Dose - Flow Rates and UV Fluence (Non NSF/ANSI Certified Products Only)
The understanding of fluence (dose) is critical in understanding how UV systems work. UV fluence is the product of the UV intensity and time. The UV intensity is represented by the actual energy produced by the lamp while the time is represented by the residence or length of time the water resides in the UV reactor chamber.
Unit equivalent: 1 mJ/cm2 = 1000 µWsec/cm2 = 10 J/m2
An important part of the effectiveness of a UV system is the quality of the untreated water supply. Specifically, UV transmittance (UVT) - a percentage indicating the UV light's ability to penetrate through the water - is a factor that will greatly affect the delivered fluence or dose.
For example: a UV system that is rated at 10 gallons per minute (10 gpm) at a dose of 40 mJ/cm2 at 98% UVT may only deliver a dose of 20 mJ/cm2 if the UVT is only 75%.
This is a significant factor and must be taken into consideration if the UV system is going to be sized correctly. UV systems cannot be compared by flow rates only unless both the fluence and UVT are equivalent. A water supply with a low UVT will require pre-filtration and/or a Low UVT system.
ADVANTAGES OF USING ULTRAVIOLET
- The use of ultraviolet light for disinfection purposes has many advantages, some of which are:
- A physical process, with no addition of potentially harmful chemicals
- Virtually instantaneous disinfection - no holding tanks are required
- No change in color, taste, odor, pH or conductivity of water
- No need to handle toxic chemicals
- No disinfection (chemical) by-products such as THM’s
- Very low power consumption
- Does not removal beneficial minerals (as does distillation)

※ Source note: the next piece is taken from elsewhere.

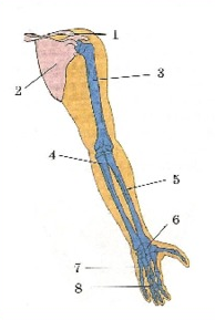 1-бұғана; 2-жауырын; 3-тоқпан жілік; 4-шығанақ сүйек; 5-кәрі жілік; 6-білезік сүйектері; 7-алақан сүйектері; 8-саусақ сүйектері.

- Very low capital and operating cost
- Environmentally friendly
- Universally accepted treatment method
- Automatic operation
- Easy maintenance
- Safe to use
- Effective against cysts
- UV transmission: 75% or greater
- Iron: less than 0.3 ppm (mg/l)
- Manganese: less than 0.05 ppm (mg/l)
- Tannins: less than 0.1 ppm (mg/l)
- Hardness: less than 7 gpg (120 mg/l)
- Turbidity: less than 1 NTU
TIPS, GOOD IDEAS AND ADDITIONAL INFORMATION
- When possible, install the UV reactor in the vertical position with the inlet at the bottom of the reactor.

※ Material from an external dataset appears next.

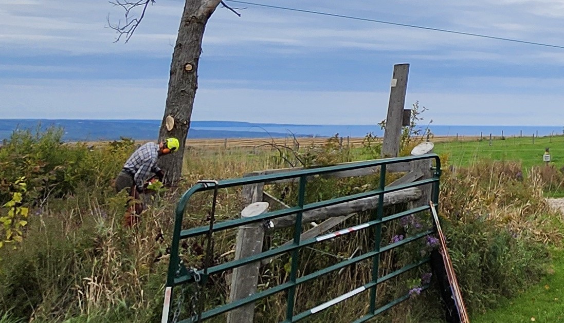 Two large hazardous trees were removed at our property frontage by Dave Brodie and Jill Smith-Brodie. Dave is a certified arborist with the Bruce Trail Conservancy and he and Jill happily obliged us by bringing their skills to bear on the need to safely handle these trees. A special shout out to them both for expertly dealing with a task that we would have otherwise had to contract with professionals!

- Disinfect the distribution system with household bleach (5.5% unscented) for a full 30 minutes to destroy any microbiological contaminants in the system and flush before use of water.
- Always install a 5 micron pre-filter ahead of any UV system.
- Install the UV system as your last piece of treatment equipment - the last device in-line, after other filters
- To ensure complete disinfection within the home make sure the UV system is installed in-line BEFORE the hot water heater and BEFORE any branch lines.
- When selecting a mounting location, always leave enough space to accommodate removal the UV lamp, quartz sleeve and any pre-filler(s).
- NEVER undersize a UV system. If in doubt, always move up to the next larger size.
- Install UV on a separate ground fault interrupter (GFCI) circuit.
- Use unions in the plumbing, before and after the system, in case it needs to be removed for some reason.
- Install by-pass loops in the event that the UV systems has to be taken out of service.
- Do not ignore and alarms or warnings being transmitted from the system.
- Change the UV lamp annually, without fail.
- Change the pre-filter annually or as needed.
- Clean the quartz sleeve as needed.
- Test your water regularly for traces of microbiological contaminants.